Shares of Lyft Inc. were up more than 10% after its CEO said the ride-hailing company will be profitable on an adjusted EBITDA basis by the fourth quarter of 2021.
"We've never laid out our path to profitability, and we know that's a question on a lot of investors' minds," Lyft co-founder and CEO Logan Green said during an Oct. 22 fireside chat hosted by The Wall Street Journal. "We're going to be profitable on an adjusted EBITDA basis a year before analysts expect us to.
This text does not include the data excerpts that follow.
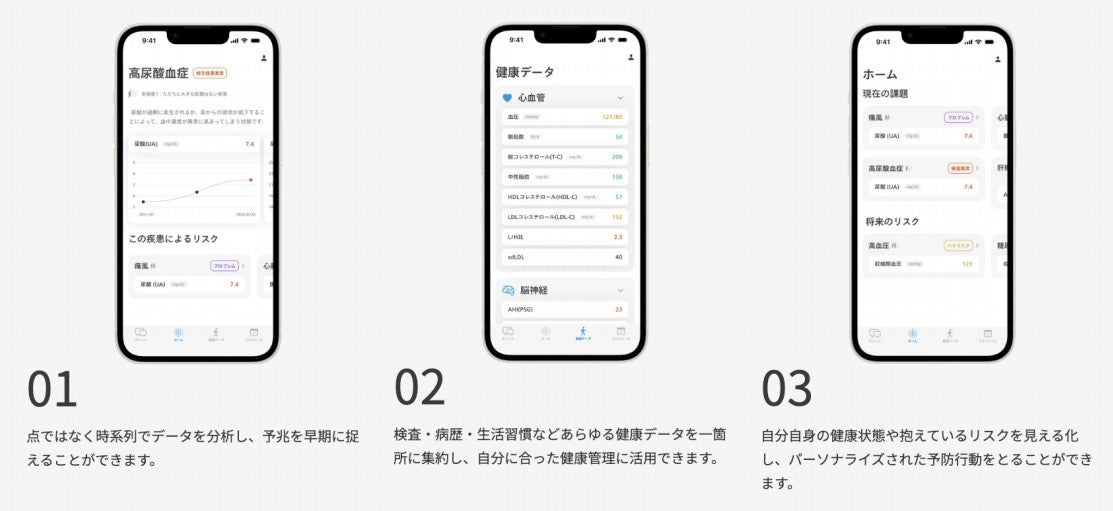など、お申し込みプランに応じたサービスをご提供します。個々の医療データをクラウドで管理し、病気の早期発見とそのリスクを最小化するという社会貢献性が評価され「ASPICクラウドアワード2024」において、社会業界特化系ASP・SaaS部門のDX貢献賞を受賞。「Wellness Membership」により病気の早期発見とそのリスクを最小化し、健康長寿延伸の実現を目指しませんか。
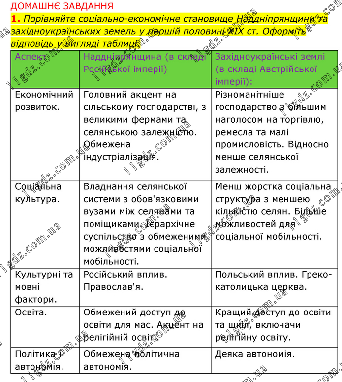 ДОМАШНЄ ЗАВДАННЯ 1. Порівняйте соціально-економічне становище Наддніпрянщини та західноукраїнських земель у першій половині XIX ст. Оформіть відповідь у вигляді таблиці. Аспект Наддніпрянщина (в складі Російської імперії) Західноукраїнські землі (в складі Австрійської імперії): Економічний розвиток. Головний акцент на сільському господарстві, з великими фермами та селянською залежністю. Обмежена індустріалізація. Різноманітніше господарство з більшим наголосом на торгівлю, ремесла та малі промисловість. Відносно менше селянської залежності. Соціальна культура. Владнання селянської системи з обов'язковими вузами між селянами та поміщиками. Ієрархічне суспільство з обмеженими можливостями соціальної мобільності. Менш жорстка соціальна структура з меншею кількістю селян. Більше можливостей для соціальної мобільності. Культурні та мовні фактори. Російський вплив. Православ'я. Польський вплив. Греко-католицька церква. Освіта. Обмежений доступ до освіти для мас. Акцент на релігійній освіті. Кращий доступ до освіти та шкіл, включачи релігійну освіту. Політика і автономія. Обмежена політична автономія. Деяка автономія.
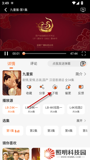 點擊視頻播放下面的下載按鈕,就可以緩存視頻了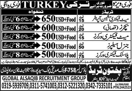 Pakhtoon Trade Test & Technical Center Istanbul, ankara Turkey invites applications from eligible candidates for the post of general helper, meat factory machine operator, plastic factory worker, meat factory worker and butcher as per advertisement of May 6, 2025 published in daily Express Newspaper. Candidates with Bachelor, DAE, Matric and Intermediate etc. educational background will be preferred.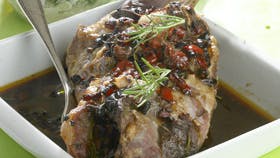 Udben lammet som beskrevet. Skær peberfrugterne i små tern. Steg dem ved hård varme, så de får let brun farve i kanterne. Tag af panden og skru ned. Steg løg, hvidløg og timian, til løgene bliver klare. Vend peberfrugterne i og smag til med salt og peber. Fyld dette i lammet og luk med snor. Steges i ovnen, drysset med salt og peber i 1½ time ved 180° - til sidst kan skrues op for at give brun stegeflade. Mens stegen er i ovnen, skæres courgetten i lange, skrå stykker, der grillsteges på pande med salt og peber. Vendes afkølet i en dressing af rygeost, cremefraiche, hakket purløg og plukket kørvel. Serveres med rødvin og flute.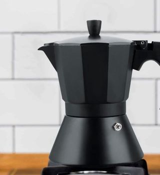 Cafetera italiana Jocca de color negro, con un diseño moderno y elegante. Perfecta para preparar un delicioso café. - Cuerpo de aluminio. - Asa y pomo de madera. - Base giratoria 360º.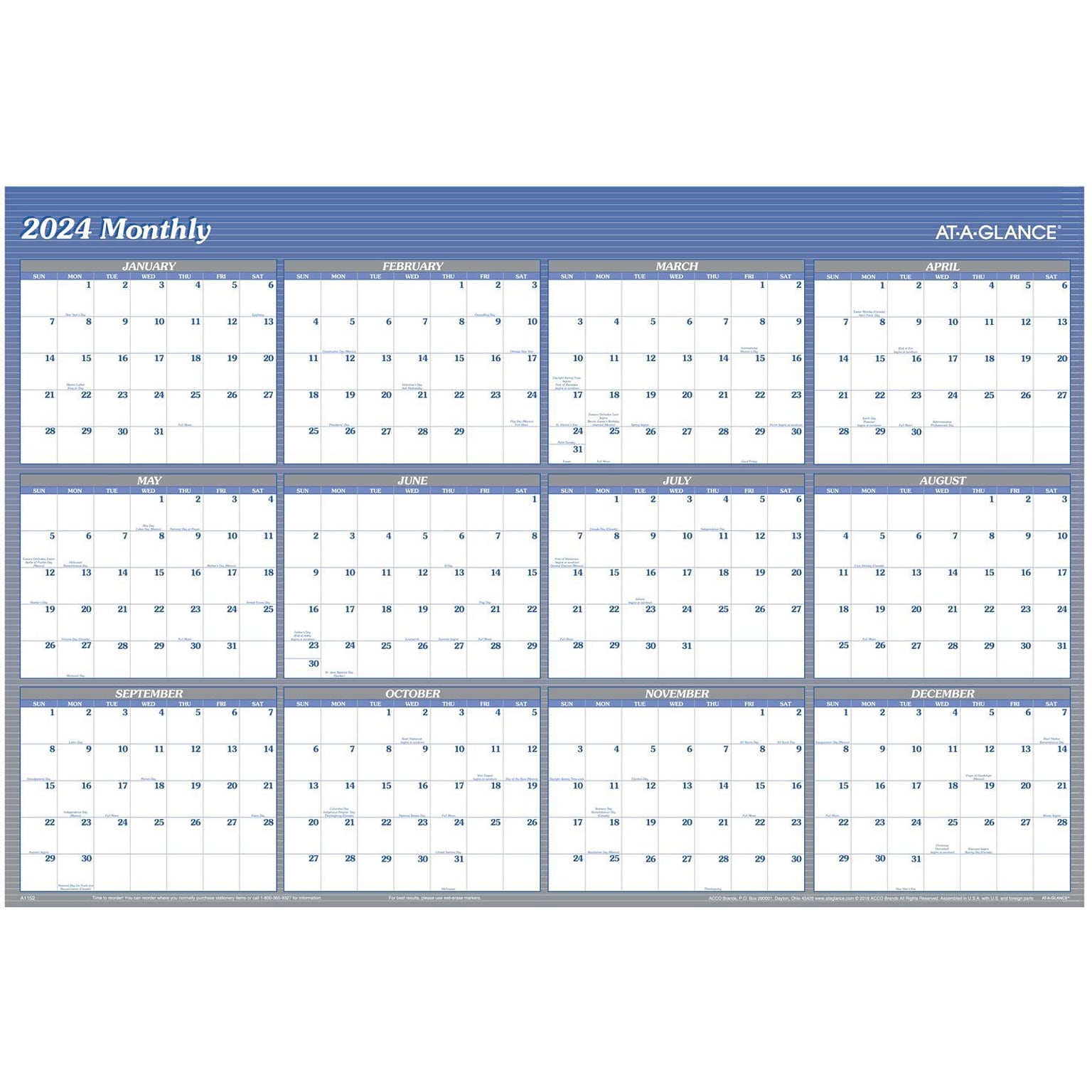 At A Glance Wall Calendar Dry Erase 2024 Blank Calendar 2024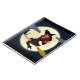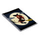 REDHEADED HALLOWEEN WITCH FLYING ON BROOMSTICK WITH CAT AND FULL MOON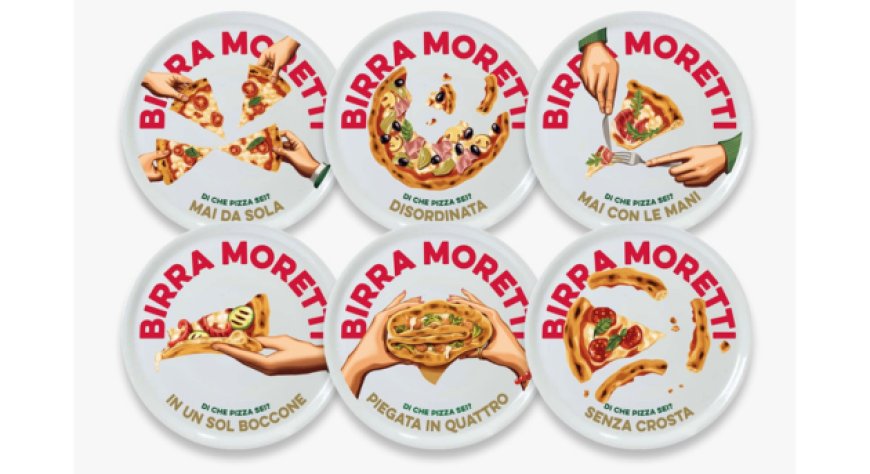 I decori rispondono a dei temi personalizzati per Birra Moretti: "Mai con le mani”, "Piegata in quattro”, "Disordinata” o "Senza crosta”, "In un sol boccone” o "Mai da sola”.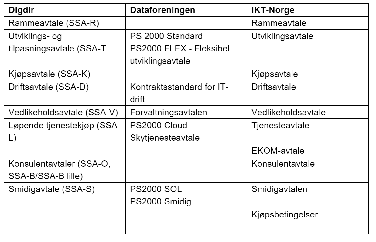 Digdir er en offentlig aktør som står for utformingen av statens standardavtaler (SSA). Deres standardavtaler er hovedsakelig utformet for det offentlige, men er også i stor grad benyttet av private. Kontraktene er utformet etter innspill fra leverandør- og kundesiden.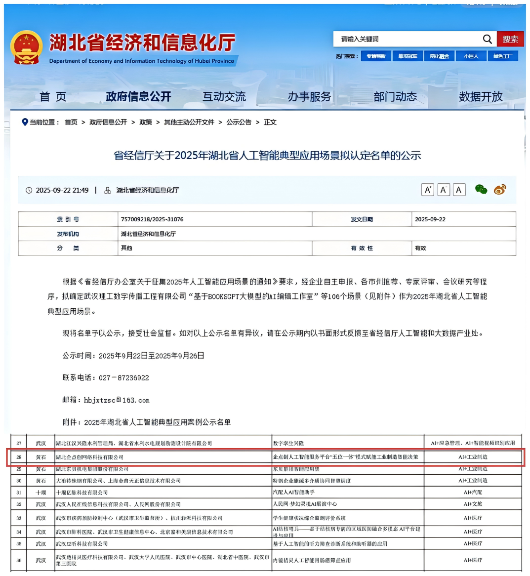 9月22日,湖北省经信厅公示2025年湖北省人工智能典型应用场景名单,企点创凭借在人工智能技术与制造业深度融合的创新实践案例“企点创人工智能服务平台“五位一体”模式赋能工业制造智能决策”成功入选。企点创人工智能服务平台聚焦“五位一体”和“保底套餐”模式,主要提供工业数据采集和基于AI技术的预测性维护、质量控制、供应链优化、能源优化、工艺优化、安全管控等应用,助力实现智能决策,赋能制造业数字化转型。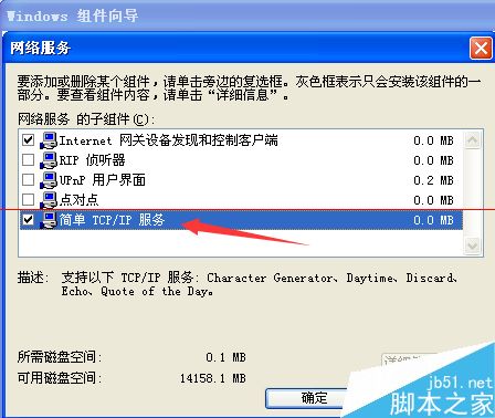 4、驗(yàn)證網(wǎng)絡(luò)服務(wù)設(shè)置,通過(guò)“控制面板->添加或刪除程序->添加/刪除windows組件”,選擇“網(wǎng)絡(luò)服務(wù)->詳細(xì)信息”,驗(yàn)證“簡(jiǎn)單TCP/IP服務(wù)”是否已經(jīng)打開(kāi)。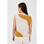 Dit is een gilet met ronde hals van Mus & Bombon met tweekleurige intarsia. Gedetailleerd met zijsplitten met ton-sur-ton knopen, waardoor een modern en uniek ontwerp voor je look ontstaat.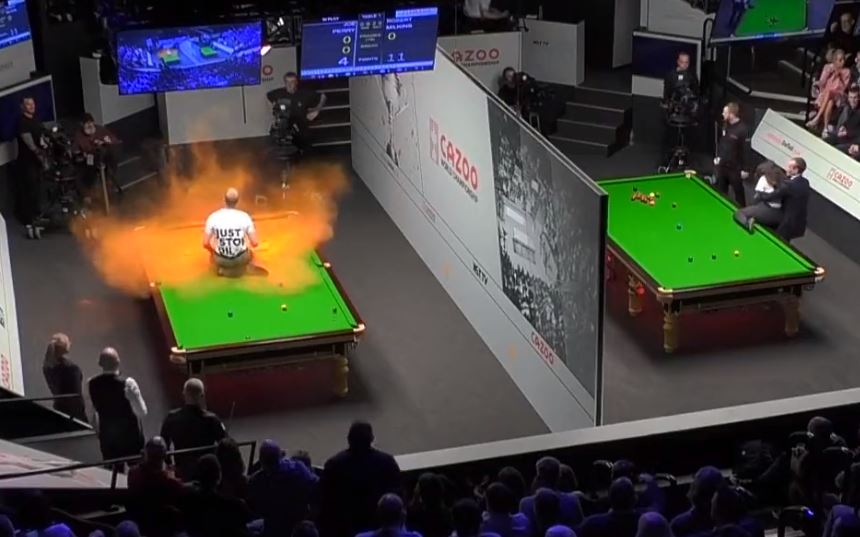 Κατά τη διάρκεια αγώνων στο κυρίως ταμπλό του Crucible για το Παγκόσμιο Πρωτάθλημα 2023, διαδηλωτής πρόλαβε να ανέβει πάνω στην τσόχα με μπλουζάκι που είχε το μήνυμα «Just Stop Oil», ενώ έριξε και πορτοκαλί σκόνη προκαλώντας προσωρινή διακοπή.
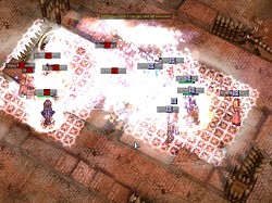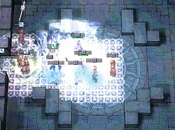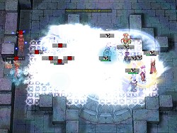 なおこの2試合は,魔法などのエフェクトをオフにしての配信となっていた。ROの対人戦に詳しいプレイヤーであればご存じだと思うが,対戦中は範囲系のエフェクトがとにかく激しく,とくに今回のように解像度が高いとは言えないUstreamのライブでは,何が起こっているのか判断しづらい絵図らになりやすい。それらを改善するための措置なのだが,キャラクターはハッキリ見えるものの,スキルのほとんどが表示されないため,画像が少し寂しい感じになっていた。なお,掲載している画像は,しっかりとエフェクトが入っているものなのでご安心(?)を。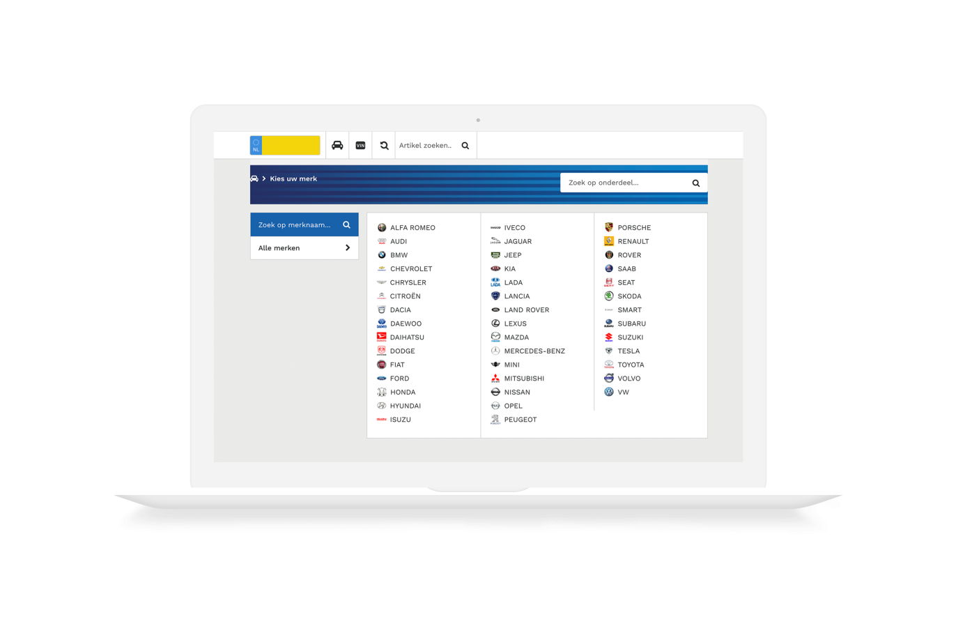 Zoeken in de database is heel eenvoudig en intuïtief. Vul kenteken of zoekcriteria in de zoekbalk in, of gebruik de filters om snel tot het juiste resultaat te komen. Zelfs de meest onervaren werknemer kan ermee uit de voeten.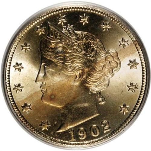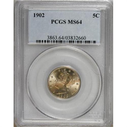 <B>1902 5C MS64 PCGS.</B></I> PCGS Population (260/215). NGC Census: (206/180). Mintage: 31,489,580. Numismedia Wsl. Price for NGC/PCGS coin in MS64: $188. (#3863)<BR><BR><b>Shipping:</b> Coins & Currency (<a target="_blank" href="http://www.heritageauctions.com/common/shipping.php">view shipping information</a>)

We're going to hit this target in Q4 2021."
Green said there are three key factors to Lyft's profitability: driving profitable growth, high-value modes and product innovation.
This includes focusing on Lyft's business travel options for companies and Shared Saver, which offers riders lower-priced rides in exchange for longer wait times and walking a few blocks to the meeting point, Green said.
Co-founder and President John Zimmer said higher prices could be one way to help Lyft become profitable but that fewer discounts for riders can also translate into higher prices.
"We were doing more coupons a couple years ago than we do now," Zimmer said. "Yes, you could call that higher prices. We were discounting rides that people wouldn't have maybe taken otherwise. It was necessary to build up scale, but it's not necessary in today's world."
Lyft went public March 29 with an offering price of $72 and closed at $78.29 the day of its debut on the Nasdaq but has failed to hit that share price since. In August, Lyft reported an adjusted net loss of $197.3 million for the second quarter, which was narrower than expected, according to S&P Global Market Intelligence.
Shares of Lyft were up 10.37% at $45.12 during midday trading Oct. 22.